After 30 days of the aforementioned protocol with limited forward progress, HBOT was initiated in addition to the existing wound care regimen in an attempt to further facilitate healing. A routine chronic wound HBOT protocol, consisting of 90-minute dives to 2.4 absolute atmospheres with 2 five-minute breaks, was started.⁸ An initial response was noted with reduction in wound size and improved appearance of granulation tissue.
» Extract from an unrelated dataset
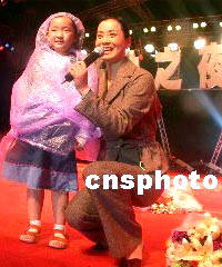 5月8日晚,浙江省天臺(tái)山文化旅游節(jié)文藝晚會(huì)正式開始,上萬(wàn)名群眾井然有序地冒雨觀看演出,表現(xiàn)了山城人民良好的精神風(fēng)貌。圖為小女孩為冒雨演唱的毛阿敏送花,毛阿敏深受感動(dòng)。中新社圖 丁必裕 張浙東 攝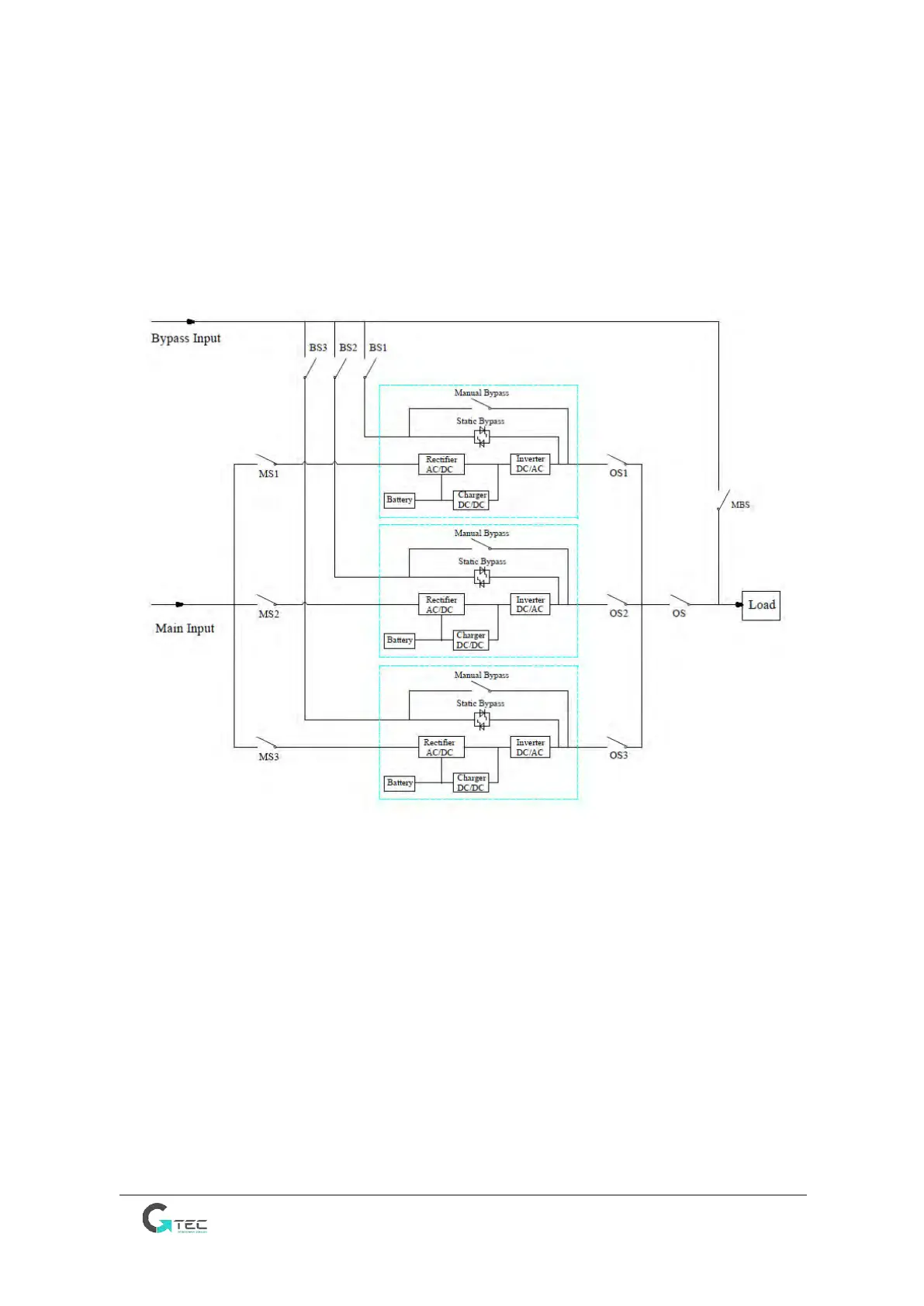 Note: MS1, MS2 and MS3 are the main input switches for each UPS, BS1, BS2 and BS3 are the bypass

After 30 dives, however, the progression of wound healing had stalled, with the wound measuring 0.7 cm x 0.4 cm x 0.1 cm and persistence of symptoms of discomfort and drainage.

At that time (16 weeks from initial presentation), the decision was made to add dHACM (EpiFix; MiMedx, Marietta, GA) to the wound care regimen. The patient received a total of 4 applications of 14-mm dHACM sheet graft once weekly for 3 weeks and then the fourth application 3 weeks later. The graft was secured in place with a silicone contact layer (Versatel Contact Layer Silicone Wound Dressing; Medline, Mundelein, IL) and 3M Steri-Strip (3M, St Paul, MN) adhesive bandages. The patient continued to undergo selective debridement and extended HBOT therapy concurrently while the dHACM grafts were being applied, with temporary cessation of previously described silver and foam dressings to allow for integration of the dHACM material. A total of 15 additional HBOT dives were added following the initial 30, given the noted improvement in the patient’s wound. A total of 45 dives were completed over the course of 20 weeks. Figure 2 shows the wound after the second application of dHACM.

Ultimately, this treatment approach resulted in complete reepithelization of the wound and a 45% decrease in defect area, from 0.7 cm² on treatment day 1 to 0.25 cm² after 24 weeks. The patient’s symptoms of nasal drainage and physical discomfort due to air passage through the fistula also had resolved completely. Although the fistula was still present at the conclusion of treatment, the tract was well-epithelialized and overall size of the defect diminished greatly. The patient reported satisfaction with his improved quality of life as a result of the resolution of his symptoms during a phone interview 3 months following the conclusion of treatment.

Many advances have been made in the treatment of challenging, nonhealing wounds in recent years.⁶ Dehydrated human amnion/chorion membrane grafting is a technology that has been proven in numerous trials to promote wound healing in certain settings.⁶ The biologic activity of amniotic membrane is due to the presence of regenerative growth factors, cytokines, and chemokines, all of which work together to create a balanced healing environment.⁶

Hyperbaric oxygen therapy is a proven treatment adjunct in the setting of chronic wounds associated with irradiated skin and failed skin grafts.⁹ Given the impaired angiogenesis of irradiated skin, HBOT is able to improve wound healing by decreasing tissue edema, increasing oxygen delivery, reducing reactive oxygen species, and stimulating macrophage-derived angiogenesis factor and macrophage-derived growth factor.¹⁰

The combination of HBOT and application of dHACM was shown to be beneficial with regards to wound healing and resolution of symptoms in this particular patient. 

The combination of HBOT and dHACM discussed here may prove to be a worthwhile treatment modality for improving healing times and overall outcomes in patients with similar presentations. A conservative, nonsurgical approach utilizing these methods may afford a desirable outcome with overall lower risk compared with extensive flap reconstruction.